Is it normal? It is a bit strange to have most of the cells having baseline of expression at hundreds.. or is it just how bi-exponential transformed data are? I want to make sure that the exported channel values are compatible with FlowSOM clustering without doing any additional steps I did not know.

Other markers do have some cells at 0, however:

Thank you for your help!

denvercal1234GitHub commented 1 year ago

Also @ghar1821 @tomashhurst --- Should we even use channel values exported from FlowJo (after visually transforming the data using biexponential in FlowJo) for clustering purposes? Because in other posts, it was mentioned transformed and exported data from FlowJo are not reliable (https://github.com/HelenaLC/CATALYST/issues/358#issuecomment-1655485231)? Thank you again for your input.

SamGG commented 1 year ago

To make my point clearer, I consider FJ results as correct, but I don't know how to reproduce FJ scaling. Good to have feedback from Spectre team. I will read the links you pointed above when I have time. Best.

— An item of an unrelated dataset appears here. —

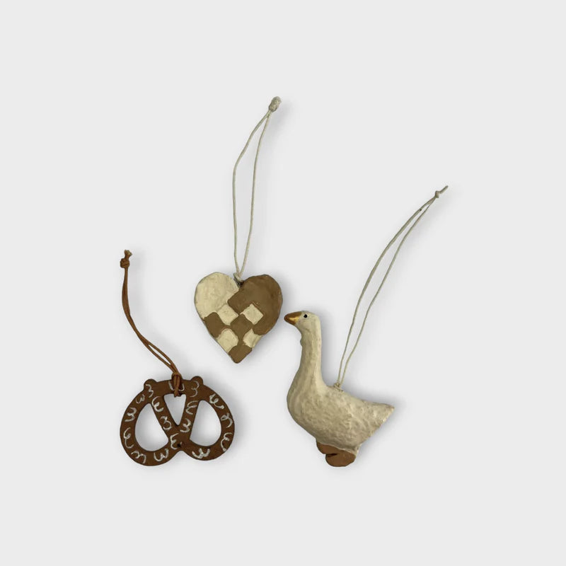 Håndlavet og unik sæt med julepynt til ophæng fra det danske firma OX Handcraft som laver fine ting af genbrugspapir, bomuldsrester og rismel. Der er tre dele i dette sæt, en gås, et flettete julehjerte og en kringle, som alle er fine at hænge på en gren, juletræet eller i vinduet, som servietring, eller til bordpynt. De har alle snor til ophæng. Fin og unik sæt med julepynt.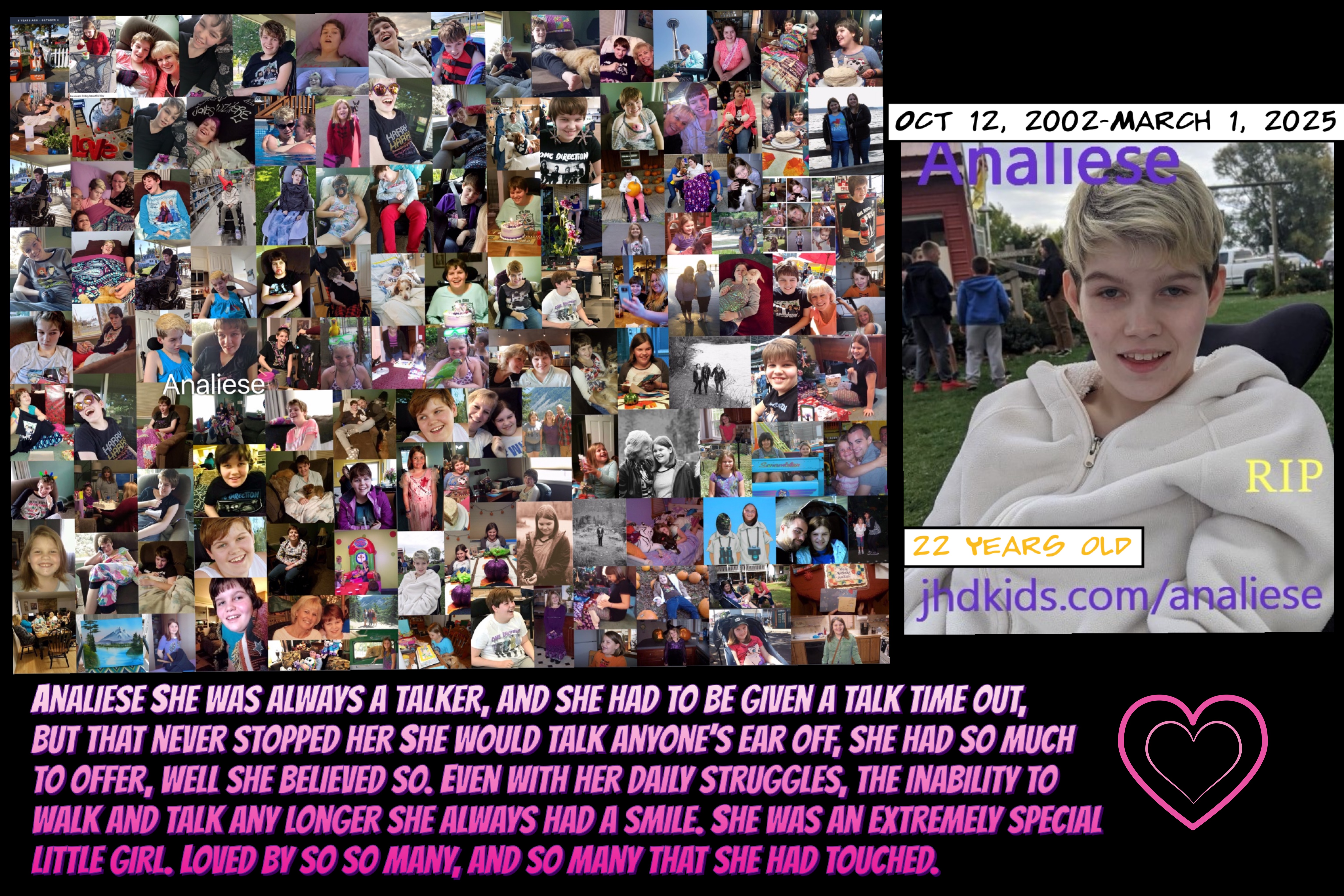 She was born on Oct 12, 2002-March 1, 2025. Her favorite color was purple, her favorite band was One Direction, mainly Harry Styles. She was able to attend their last concert in Seattle before the band split, was one of the best nights for her. She has had a lot of struggles in her short life, but she always smiled. She was a very giving little girl who was always there to help the kids in her kindergarten class that could not speak, she invited them to her birthday parties and they were always her focus, making sure they enjoyed themselves. She became a strong swimmer, swimming laps around me, worked very hard with her instructor and was very sad when she could no longer swim. She always wanted to play outside even when it was 20 degrees out and a colder wind chill, when we lived in New York.

denvercal1234GitHub commented 1 year ago

Thank you @SamGG. My biggest concern is whether we can use channel values (transformed by FlowJo) for clustering, because the result of such a clustering showed as above for all markers, the baseline is not 0 but rather around ~200-300, which is a bit odd for the interpretation.

SamGG commented 1 year ago

Using your figure, here is what I think is happening. I added a pseudo scale ranging from 0 to 1000 (or should it be 1024?). I think this is the mapping that FJ is applying to any transformed channel. This shows that the zero is around 250. I added 1 green box and 2 grey boxes. Those boxes represent 50% (green) and 25% (grey) of the full scale. The green box shows the range of intensity that is really used. The grey boxes show the ranges with no cell. FJ_scaling I think you should scale each channel so that the intensity cover the range of the 0..1000 pseudo range. I didn't test yet whether scaling to full range is important or not, but it is on my long todo list. I think it should not be important if dimension reduction is conducted in FJ. If transformation is carried out in Spectre, FlowSOM, CATALYST, R... then zero will be at zero. Hope this help. @tomashhurst @ghar1821 what is your opinion/experience?

tomashhurst commented 3 months ago

@denvercal1234GitHub just looking back over some of these issues -- @SamGG's image summarises it well, and this is also described in our transformation tutorial (https://immunedynamics.io/spectre/cytometry/#tutorials). Personally having run clustering on both channel value data and arcsinh transformed data. In theory the channel data has less overall 'sensitivity' (i.e. the range is something like 650) compared to arcsinh transformed data (which has potentially ~10^5 (in decimal points after scaling). However, I have not found huge differences between the two. If you run clustering/tSNE/UMAP etc in FlowJo, it actually uses the channel values behind the scenes.

@SamGG is right that in theory it would be best to scale each parameter individually such that the maximum range is utilised, but we found it tedious to do this in FlowJo, but easy to do it in R with arcsinh transformations.